Wednesday, August 29, 2012

Girl Scouting is Badass: The Rant

I have spent the past three and a half months living and working at the Girl Scout/Guide world centre in Switzerland, Our Chalet. It has been an incredible experience, as have the prior 16 years I've been in Scouting, and therefore I am uniquely qualified to tell you how much better Girl Scouting is than anything else, ever.

Do you know how hardcore the Girl Scouts are? Probably not. Do you know, for instance, that Girl Guides were spies for the Allies in WWII ? Did you know that before women in the US could even vote, Girl Scouting gave them a space to brave the wilderness? While Boy Scouts of America (still) holds tight to it's homophobic policies, did you know the Girl Scouts welcomed girls of different abilities, sexual orientations, races and creeds before it was cool?

I'm not going to lie to you here; Girl Scouting is badass.

In a lot of the world (i.e. Europe), Scouting has become coed, and this is great. There are many positives to coed groups, and I know several really fantastic Boy Scouts whom I secretly feel would be cool enough to be Girl Scouts. But you know what I don't buy? That Girl Guiding and Scouting needs to mimic or join the boys in order to get it right.

One of several equally depressing anecdotes: A coed group of really, really fantastic Scouts from universities around the UK is staying here at Our Chalet. On a recent day on program, the group was split up into smaller groups to have a campfire building competition. One group happened to be entirely female. "Could we have one of the guys join our group?" they asked.

ARE YOU SERIOUS? Like, I know a lot of ways to build fires, but I was unaware that having a Y chromosome made you somehow better at it. I'm confused, do you light the fire with your penis instead of a match? No? I've heard similar sentiments of internalized sexism from girls, young women and leaders for the past 16 years of my scouting life. No, I don't need help carrying this, which is likely why I picked it up in the first place.Yes, I am capable of rolling up a tent.  No, the male leaders are not automatically funnier than the female ones; have you met me? I'm effing hilarious.

While I'm ranting, I'm completely over this idea that Girl Scouts is the inferior version of Boy Scouts. I swear to God, the next time some Boy Scout insinuates that I'm less able to handle something outdoorsy than he is, I will use my lashing and pioneering skills to tie him to a roasting spit, and my one-match fire skills to bonfire his condescending ass. The only thing Boy Scouts are categorically better at is peeing off of things, which I'm not entirely sure is something to brag about.

A brief survey of reality will tell you that we are, in fact, still living in a world that values girls less than boys, and that doesn't magically disappear in a coed scouting environment. Someday, in a perfectly egalitarian world, that would be fantastic, but Girl Scouting as it now stands is a unique, all female environment that does what our world needs more of: empowers girls and young women.
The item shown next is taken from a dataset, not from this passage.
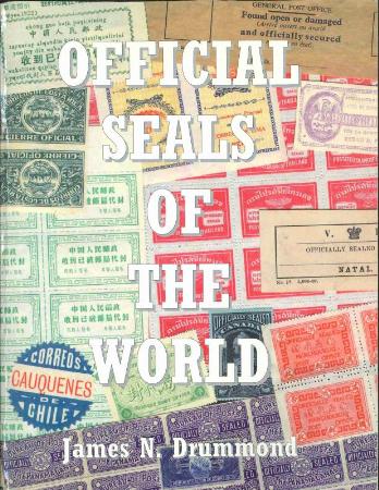 Drummond, James N. Official Seals of the World. | Description |  | Official Seals of the World by James N. Drummond. A superbly illustrated and priced catalogue of post office seals & tapes, registered, insured & certified seals, customs & currency control seals, dead letter office labels, telegraph seals and much more from over 150 countries. Color illustrations. 2007. Card covers. xxxviii, 610 pages. Used, F-VF shows light wear from use |  | | Bidding |  |

Here is what Girl Scouting teaches girls: You are a fully capable human being, who is able to both play dress up and build shelter out of trees. You are capable of changing the world, and the most important thing in life? It's up to you to find out what it is, but it's not impressing boys.

On a personal level, there is nothing in my life that has been untouched by my time in Girl Scouts. Beyond my semi-concerning addiction to Thin Mint cookies, Girl Scouting gave me my first time rock climbing, public speaking, using first responder training, jumping off of things I was scared to, white water rafting, comforting crying children, learning to lash a swinging chair out of wood and twine, skinny dipping, figuring out the meaning of life on a dock underneath the stars, and challenging myself, failing, and learning it's ok.

It's not that these things cannot exist in a coed environment. It's just that my copious amounts of observations and common sense tell me that Girl Scouting and Guiding does a damn good job of raising girls who are strong and self-sufficient enough to not require a boy around to light a freaking campfire.

The World Association of Girl Guides and Girl Scouts is the largest non profit organization in the world dedicated to woman and girls, with 10 million girl members and countless grown-up ones. We plant trees, teach HIV/AIDS awareness, send delegates to UN conferences, and, most importantly, have fun. The sisterhood I belong to changes the world every day in ways that I can still hardly fathom. Girl Scouting and Guiding is as essential to a free world as air, and I could not be prouder to be part of a movement that empowers youth the way that it does.

And the girls? They are more insightful, compassionate, funny and courageous than you would ever think possible. Not a day has gone by working with these girls that they don't completely blow me away. From my little campers at Girl Scout camp who have grown into amazing role models, to the girls at Our Chalet a couple weeks ago who taught me songs and made me cry from laughing so hard, I get goosebumps thinking about how lucky I am to be part of their lives. People occasionally ask me how I can possibly sacrifice a summer (or two, or six) to Girl Scouts, of all things. My question is, how can you possibly not?